Where src_path is the path on the host to mount and dst_path is the path inside the testing environment. If dst_path is unspecified, the path inside the testing environment will be the same as the one on the host.

If there is no file on the host in src_path, a new empty directory will be created at that location.

Collecting build and test results

Test processes are not very interesting unless one can tell if they succeeded or not. Build processes are equally uninteresting if one cannot obtain the resulting built artifacts.

Systems that support these build and test standards use the success or failure return value from the stage script as the way to determine is running a stage succeeded or failed.
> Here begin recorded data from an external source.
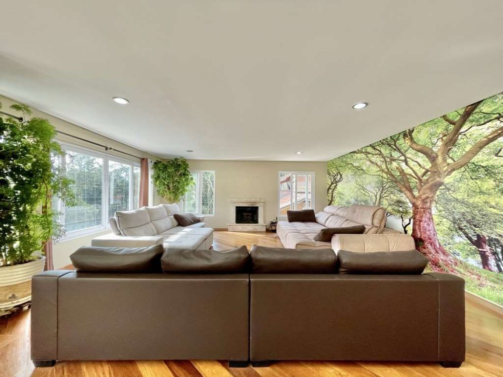 Family room - Home theater com lareira.
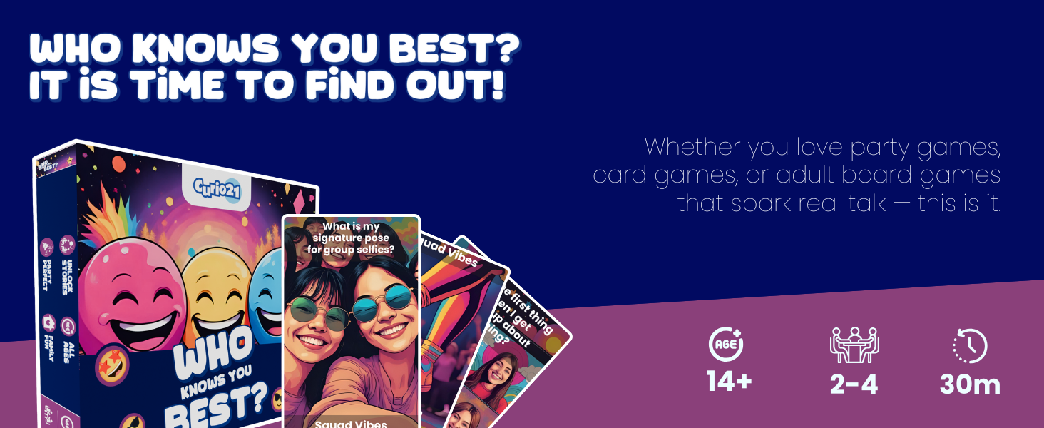 With easy-to-learn rules and endless replayability, Curio21 Who Knows You Best? is suitable for kids, teens, and adults alike. No two rounds are ever the same, so you can play it again and again without it ever getting old. It’s the perfect board game gift for anyone who loves fun challenges, witty banter, and genuine connection.
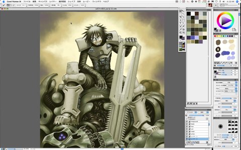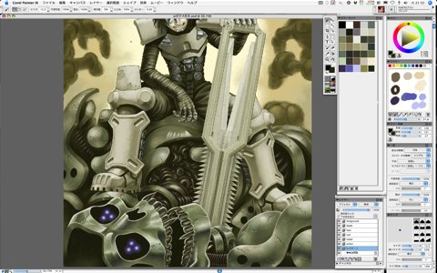 I couldn't manage to form the skull robot's hands of both sides into what I was satisfied with, so I smeared away and erased them.

If the build or test stages are run by a CI system, the system gathers up any files or directories placed in the exported-artifacts directory under the project's source code root directory and makes them available for download and inspection.

Specially treated files

A CI system can also provide special treatment to certain files if they are found in exported-artifacts in order to provide richer output. Following is a list of files the oVirt CI system treats in a special way:

  • RPM package files - If any *.rpm package files are found in exported-artifacts, the CI system generates yum metadata files so that the entire directory can be used as a yum repository and hence any HTTP URL in which it is made accessible
  • HTML index file - If an index.html file is found in exported-artifacts, it is included in the CI system's job summary page
  • JUNIT XML report files - If any files with the *.junit.xml extension are found under exported-artifacts or in one of its sub directories, those files are read as JUNIT test result XML files. The test results are then made available for viewing from the oVirt CI Jenkins server. Test results are also tracked over time and changes can be tracked and analysed across builds.
  • Findbugs XML reports - If any *.xml files are found in the exported-artifacts/findbugs directory, they are read as Findbugs result reports and made available for viewing via the ovirt CI Jenkins UI.

Collecting container images

While container images can be store as plain files, it is typically not very efficient to do so, instead, containers are typically stored in a deddicated container storage.

The convention for handling of containers by the oVirt CI system is that when building containers, a project would leave then on the build host's container storage and tag then with the exported-artifacts tag. The CI system would then pick up the containers and make them available for use from a dedicated container repository.

Instruction on how to access the uploaded container images will be displayed in the job results screen.

The dedicated container registry is currently simply an account on DockerHub, this may be subject to change in the future.

Running Build and test Stages

There are two major ways to run build and test stages:

  1. Run stages locally on a developer's machine
  2. Have stages run automatically by a CI system

Running build and test stages locally

Running build and stages locally can be very useful when developing stage functionality scrips. It can be also useful as a quick way to get a project built or tested without having to worry about the project's specific build or test requirements.

The currently available tool for running Standard-CI stages locally is mock_runner.sh. for more details see Using mock_runner to run Standard-CI stages.

Having build and test stages run by a CI system

To have an automated CI system run build stages typically involves submitting the code changes to a central source code management (SCM) system such as Gerrit or GitHub and having the CI system pickup changes from there.

oVirt's CI system supports testing code for projects stored on oVirt's own Gerrit server or on GitHub under the oVirt project. There are currently different configuration procedures for projects on Gerrit and GitHub. Work is under way to make the two look and feel the same.

To learn how to setup use the oVirt CI system with projects hosted on oVirt's Gerrit, please refer to Using oVirt Standard-CI with Gerrit.

To learn how to setup use the oVirt CI system with projects hosted on GitHub, please refer to Using oVirt Standard-CI with GitHub.